First New Year’s Eve

Feliz Año Nuevo

I hope you all had a great and safe New Year’s Eve. We didn’t know what to expect here in Cuenca, so we spent the evening just waiting to see what happens at midnight. It was quite a spectacle. Instead of having huge fireworks displays put on by professionals, individual families held their own. The neighborhood was filled with fireworks, firecrackers, bottle rockets and fires.

Last week I included a picture of the masks for dummies that are sold in Cuenca for New Year’s Eve celebrations. These masks were for the monigotes (dummies, not stupid ones, but ones stuffed with paper, sawdust, cardboard or anything else that will burn). These muñecos (dolls) represent the año viejo (old year). The burning at midnight is a purification ritual to ward off bad luck (although a lot of Ecuadorians just light them on fire to watch them burn — because they can!) Another custom is to jump over the burning muñecos seven times, for good luck. Of course, by midnight many of those jumping over the flames have had a bit too much to drink, and a hospital visit is required. Our Spanish teacher told us that her father would jump over the muñecos holding one of the children! Her fiancee’s family no longer does this because they had a few accidents in the past.

Bob wanted to buy a monigote to burn, but I wasn’t sold on that. Luckily, he changed his mind before Thursday night. The booths selling these dummies sprung up all over the city just after Christmas. Here’s a few we saw:

 

 

The dummies come in all shapes and sizes —some cartoon characters, some political figures (an expat here was trying to find a Trump mask — don’t know whether she ever found it).

Some represent family members, too.

 

 

 

 

 

You could buy the masks and stuffed dummies separately and build your own.

 

These were less fancy dummies being sold across the street from our apartment. They were mostly headless and masks were added. People took a long time deciding on just the right dummy and mask for the head.
Fireworks are legal in Ecuador, but the vendors need a special license to sell them. Some of the dummies have firecrackers inside that go off when they burn. It makes for some excitement (especially when jumping over them!)

Here’s what it looked like at midnight (as the ball dropped in Times Square it was a very different experience here in Ecuador).
Muñecos burning in the street

 

 

 

 

 

 

 

 

 

 

 

Fireworks over Cuenca

 

 

There were also “widows”, men dressed in women’s clothing, stopping cars requesting financial aid to burn the old. (But mostly used to buy more beer.) We didn’t see many people giving them money, but we did see them almost get hit by cars not willing to stop.

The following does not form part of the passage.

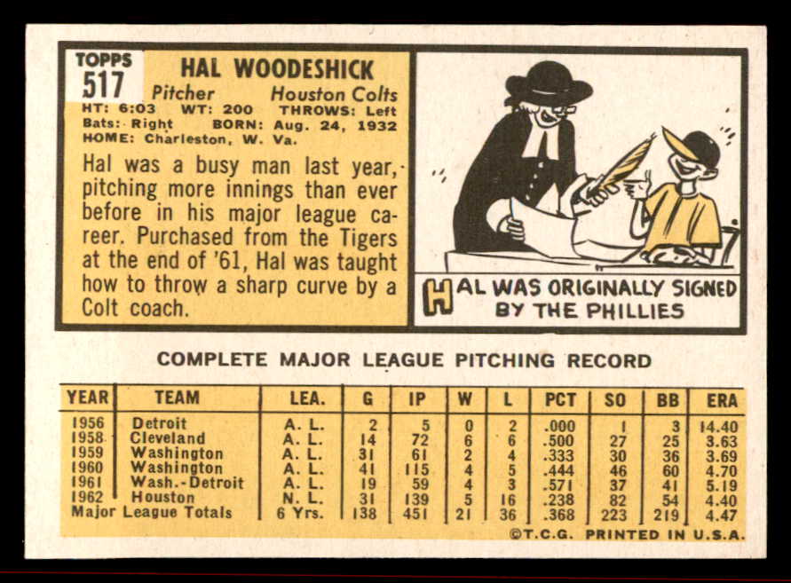 1963 Topps Baseball #517 Hal Woodeshick Colt .45s NR-MT 542882

Another tradition we actually took part in, was to eat 12 grapes at midnight, representing the 12 months of the year. The grapes we bought were huge and it took quite some time for me to eat them. (We cheated a bit, with Bob eating 6 and me eating 6 — figured that covered all 12 months.)

New Year’s Day was quiet, with most of the stores closed and people walking around much slower than usual as everyone recovered from the previous night.

That’s about it for this week — we wish you health, happiness and prosperity in 2016.
(Peace, love and all that other stuff, too!)

Hasta luego!

 

PS Please note that I have finally learned how to put the little squiggly thing over the ñ. Google is amazing and it was so easy I feel like an imbecile. Of course, now I will be searching for Spanish words with that thingy so I can show off.